We have implemented an electrical pumped topological bulk BIC laser that shows single-mode operation (SMSR around 20 dB) and the cylindrical vector beam-like emission in the THz frequency region. The topological bulk BIC engages both vertical (out-of-plane) and lateral (in-plane) confinement that enhances coherent emission. In addition, the topological band inversion-induced reflection further strengthens the lateral confinement for the topological bulk BIC mode. As a result, we realize a miniaturized and single-mode laser device even its lateral cavity dimension is only 3λBIC. We believe such electrical pumped BIC THz QCL is promising for energy efficiency and monolithic integration, making it highly attractive for THz integrated electronic and photonic applications.

Materials and methods

Materials and device fabrication

The employed QCL wafer in this work has a gain curve spans from 2.7 THz to 3.2 THz, verified by the emission spectrum envelope of a ridge laser fabricated on the same wafer (see Supplementary Fig. 1 in detail). The device fabrication follows the standard process for metal-semiconductor-metal configuration that is given by ref. 69.

Numerical simulations

The COMSOL Multiphysics was employed to numerically simulate 3D full-wave results.
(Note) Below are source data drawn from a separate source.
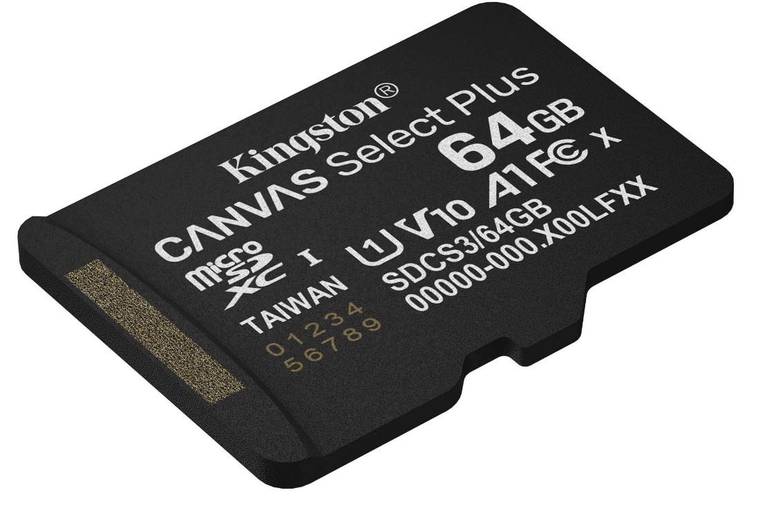 Secure Digital 64GB Kingston Micro SDXC CANVAS Select Plus Gen3 Class 10 A1 U1 UHS-I V10 (100MB/s) [SDCS3/64GBSP]
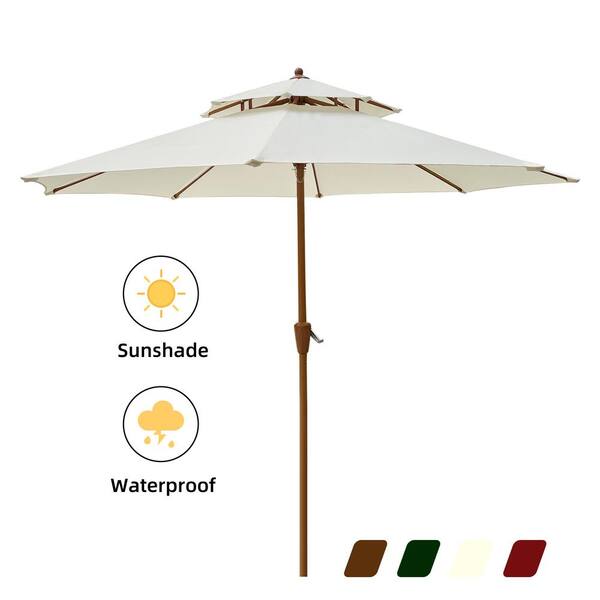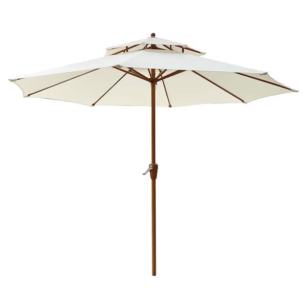9ft. Titanium Steel Non-Tilt Hand Crank Market Umbrella in Ivory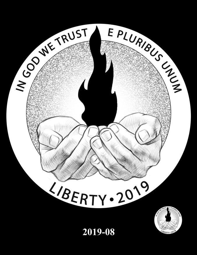 2019-08 depicts two hands nurturing and guarding the flame of liberty. This flame is the beacon which lights the way for all Americans towards their inheritance of liberty and freedom.

To simulate the band structure, the QCL, with active region thickness of 13 μm and refractive index of 3.85, was set as a lossless and dispersion free medium. The PEC metal with configuration given by the inset in Fig. 1a was employed to cover the QCL. For the cavity simulation, the pump region is lossless and dispersion-free with parameters same as the supercell, while the unpumped region has an imaginary part of 0.016 for the refractive index. In addition, two gold layers, modelled as lossy metal with refractive index of 182.67 + 212.11i, with thickness of 300 nm form the top and bottom contacts.